PROBLEM DESCRIPTION – Reproduce exactly only the lines from the line that holds "Sadie-halsbandet är utsmyckat" to the line that holds "3. Ota uunista", inclusive, in the listing below, and please leave out every picture.

RAW DATA –
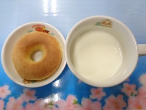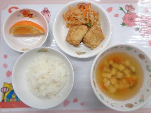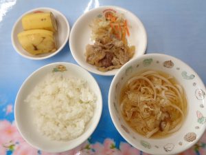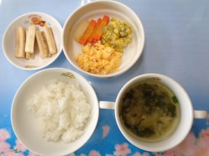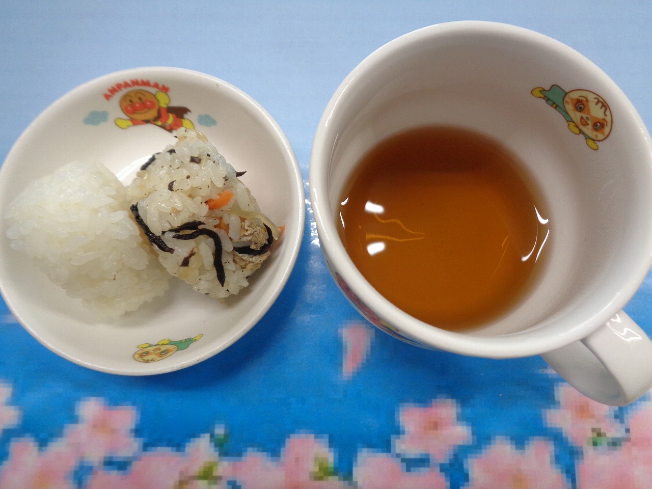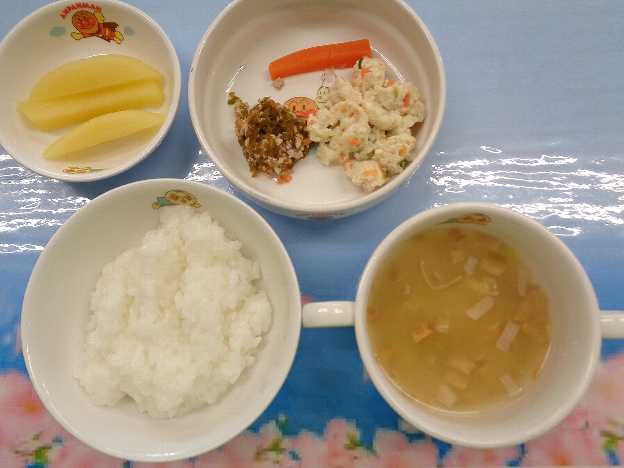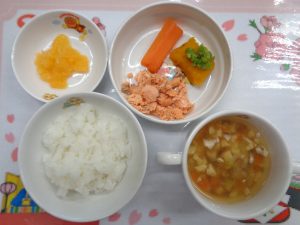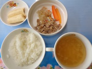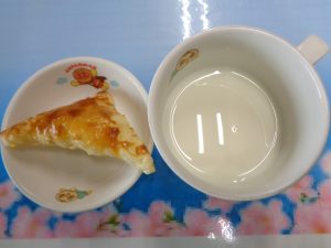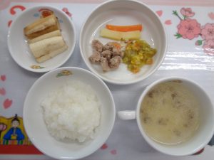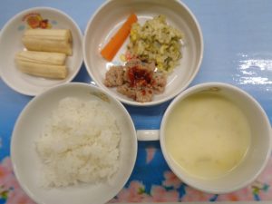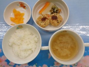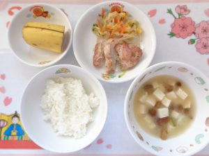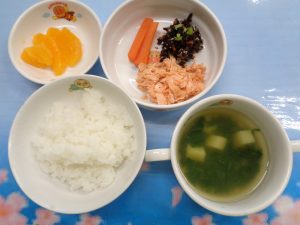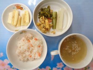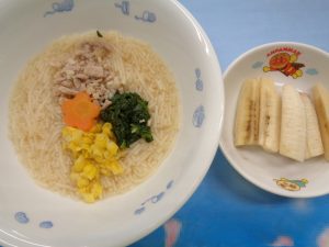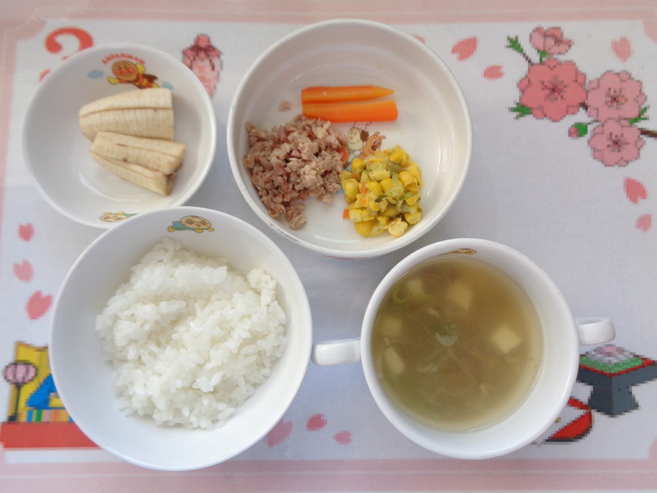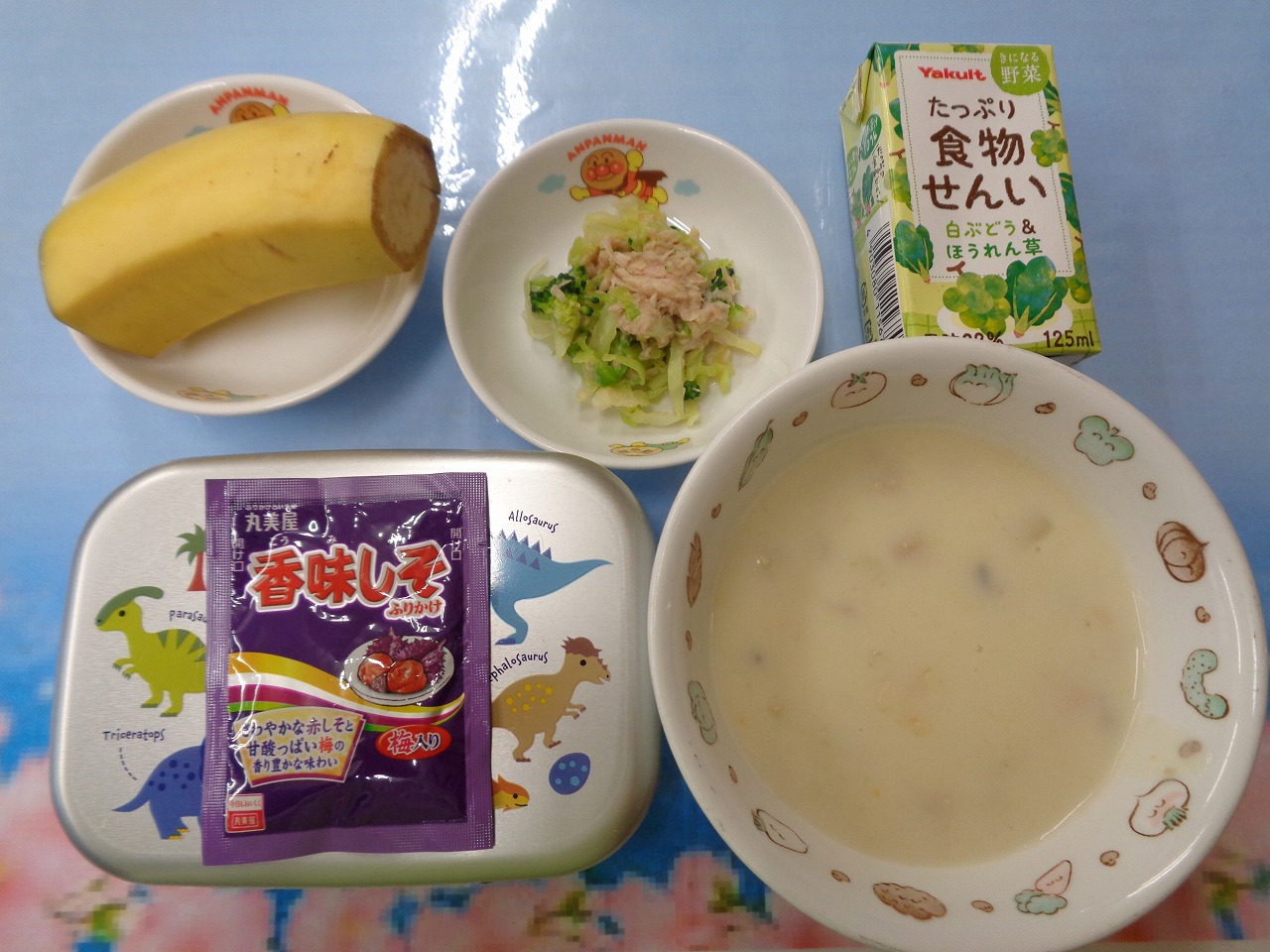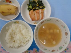 19日の給食は『おにぎり(鮭・わかめ)・五目卵焼き・ゆかり和え・豚汁・ヨーグルト』で、おやつは『チョコバナナ・麦茶』でした🍙
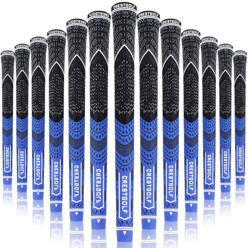 CRESTGOLF uppdaterade multisammansatt golfgrepp för golfklubbor set av 13, mer halkfri, ekologisk bomullsgarn trådteknik, mellanstorlek eller standardstorlek för dig Mörkblå Midsize
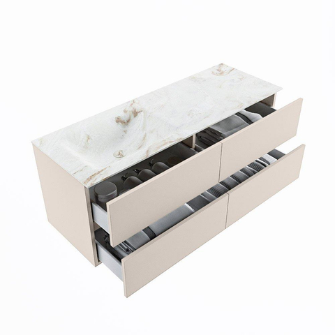 MONDIAZ VICA-DLUX Badkamermeubelset - 130cm - onderkast linen - 4 lades - inbouw wastafel cloud links - 1 kraangat - 60cm hoge versie - frape
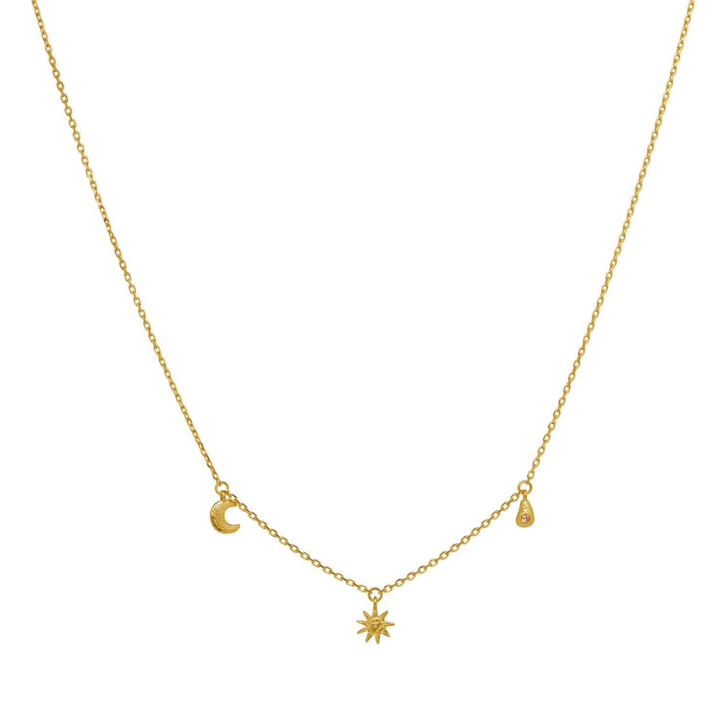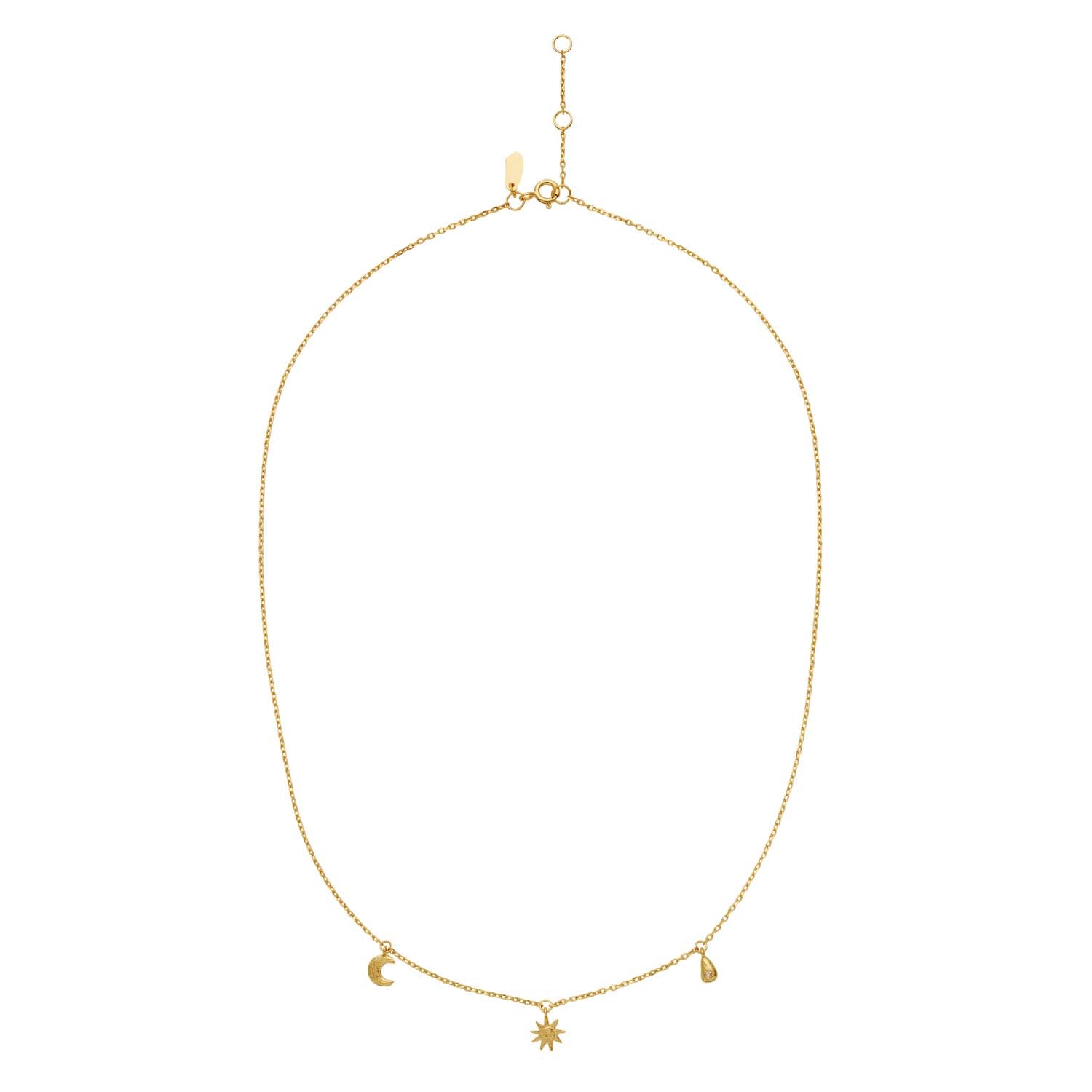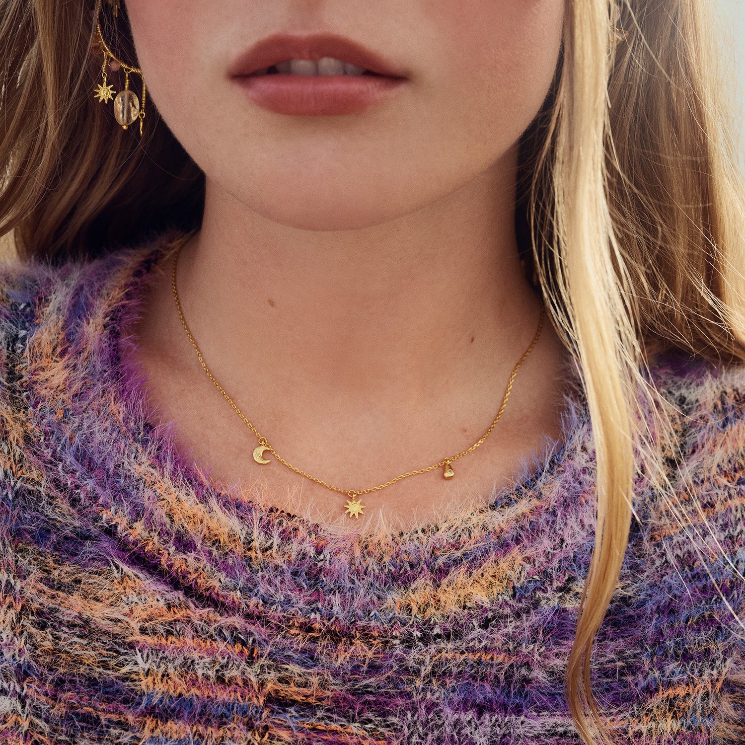 Sadie-halsbandet är utsmyckat med fina hängen som inkluderar en måne, en stjärna och en droppe. Dessa symboler ger smyckena en unik charm och personlighet. Den fina kedjan och de små detaljerna skapar en lätt och luftig känsla som gör halsbandet bekvämt att bära hela dagen.
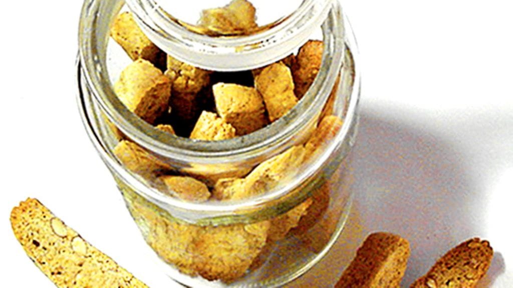 3. Ota uunista ja anna jäähtyä hiukan, leikkaa pitkot sitten n. sentinpaksuisiksi siivuiksi. Laita biscotit uuniritilälle ja paista vielä n. 12 minuuttia. Anna jäähtyä.
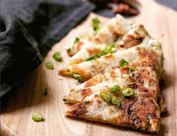 Китайские луковые блинчики очень просто приготовить дома. Всё что нужно - это мука, вода, растительное масло и лук. Замешанное соленое тесто разделяют на несколько частей, раскатывают в блин, насыпают лук, перемешанный с маслом и сворачивают в трубочку. Трубочку в свою очередь нужно свернуть в улитку и снова раскатать. Можно посыпать кунжутом, после чего обжарить с двух сторон. Подают с соевым соусом.

OUTPUT BELOW –
 Sadie-halsbandet är utsmyckat med fina hängen som inkluderar en måne, en stjärna och en droppe. Dessa symboler ger smyckena en unik charm och personlighet. Den fina kedjan och de små detaljerna skapar en lätt och luftig känsla som gör halsbandet bekvämt att bära hela dagen.
 3. Ota uunista ja anna jäähtyä hiukan, leikkaa pitkot sitten n. sentinpaksuisiksi siivuiksi. Laita biscotit uuniritilälle ja paista vielä n. 12 minuuttia. Anna jäähtyä.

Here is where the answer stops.